I think that in a way, in those days I really almost loved her; it came as a shock when I was brought up short against the ugly facts of her life. Debts to pay! As the price of a piece of mischief, getting smuggled aboard to tease and torment one man, she would lie with half a dozen others, with such as the half-witted cookboy and the Lorenzen brothers… I said stiffly: ‘If you can speak to her, tell her that I must see her. I wrote her a note

My husband approached along the deck. He had not spoken a word to me since the previous evening. Now he seemed to force himself to an appearance of normality. He said: ‘Well—you two have been conversing—?’

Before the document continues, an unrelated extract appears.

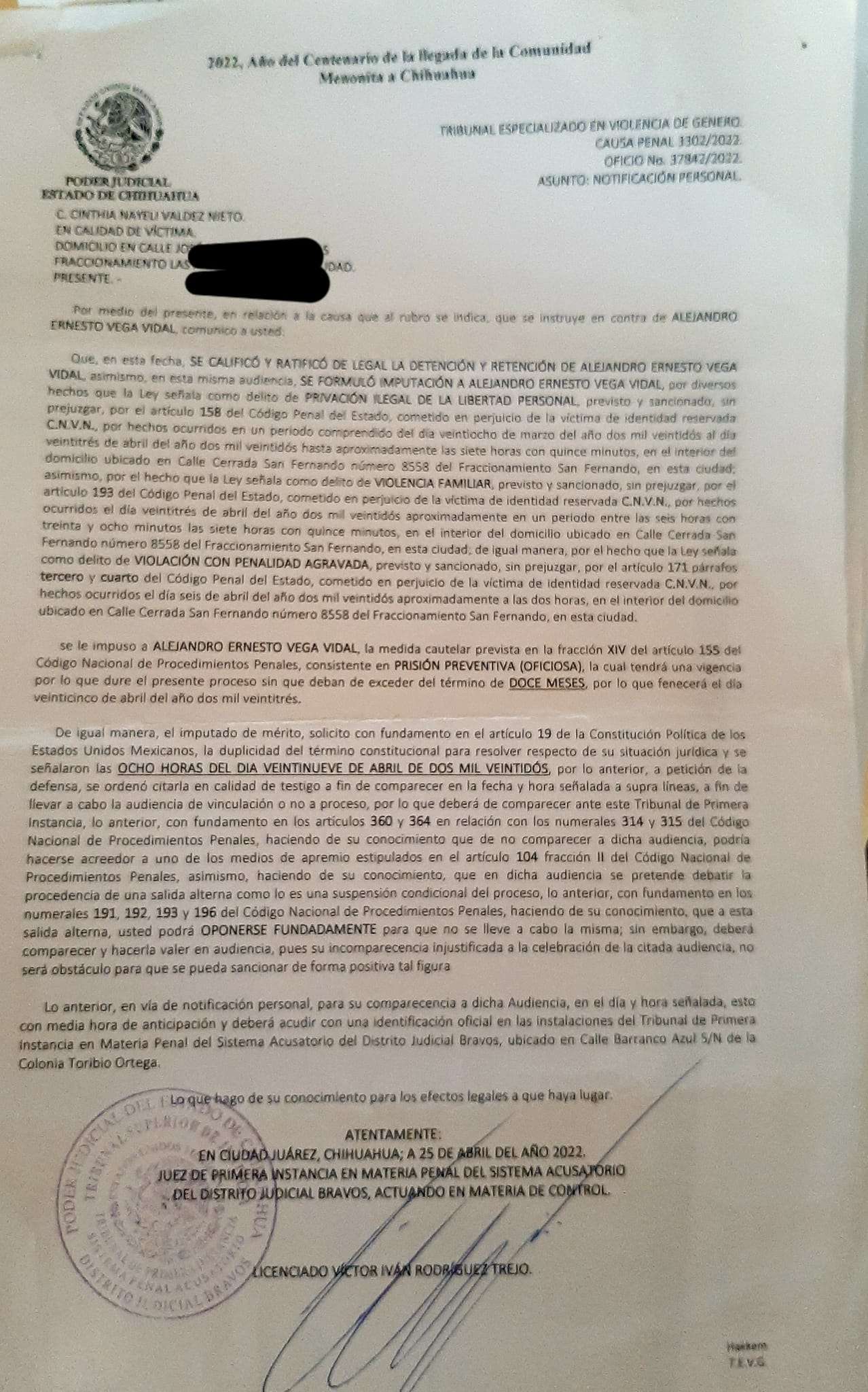 Finalmente la ministerial me localizo el 06 de abril, alejandro movió sus influencias y dijo que el me estaba resguardando. Por eso mi familia me seguía buscando pero ya nadie hizo nada. Yo seguí privada de mi libertad Logre escapar un 23 de abril y denuncie , pongo foto de mi expediente. Detuvieron a alejandro y le conté todo a las autoridades, que me violo que me.tenia secuestrada y me golpeó muchas veces , pero alejandro tenía muchas influencias en fiscaliza de la mujer y tenía amistades con poder una MAGISTRADA MARGARITA CARDENAS Y SU ESPOSO UN JUEZ, Y UN SEÑOR DE NOMBRE GABRIEL RIVERA BARRENO QUE TRABAJA EN JUZGADOS PENALES ADEMAS DE MINISTERIOS PUBLICOS DE FISCALIA DE LA MUJER, mis exámenes médicos se perdieron mágicamente y en la audiencia lo dejaron en libertad .

‘Mr Richardson has been telling me about his wife,’ I said. ‘She comes from Nova Scotia, she remembers the launching of this very ship…’

For some reason he seemed annoyed; perhaps because the change in the ship’s name brought him uncomfortable memories. ‘Yes, well, very well,’ he said. ‘I’m glad you’ve had a pleasant conversation. And now, if I give you my arm, perhaps you’d like some exercise around the deck?’

A girl of eighteen—to be assisted like an infirm old woman as she walked the two sides of a deck measuring a hundred foot overall! I rose obediently and wrapping my silvery shawl about me, primly tucked my hand into his arm, opening out like the wing of a chicken to receive it and closing over it again. We set off soberly enough; I subdued my country-girl stride and he no doubt was curbing his own quick, brisk step to accommodate the acceptable pace for a woman. As we went, he began a sort of questioning; for some reason not entirely agreeably. He asked me, had Richardson children? I said no, apparently none; his wife lived with her family. What did her family consist of? I had no idea, I knew only that her name was Frances. Was his own family living? I didn’t know. ‘He was a long time telling you,’ he suggested dryly, ‘that his wife’s name is Frances, he has no children and she lives in Nova Scotia.’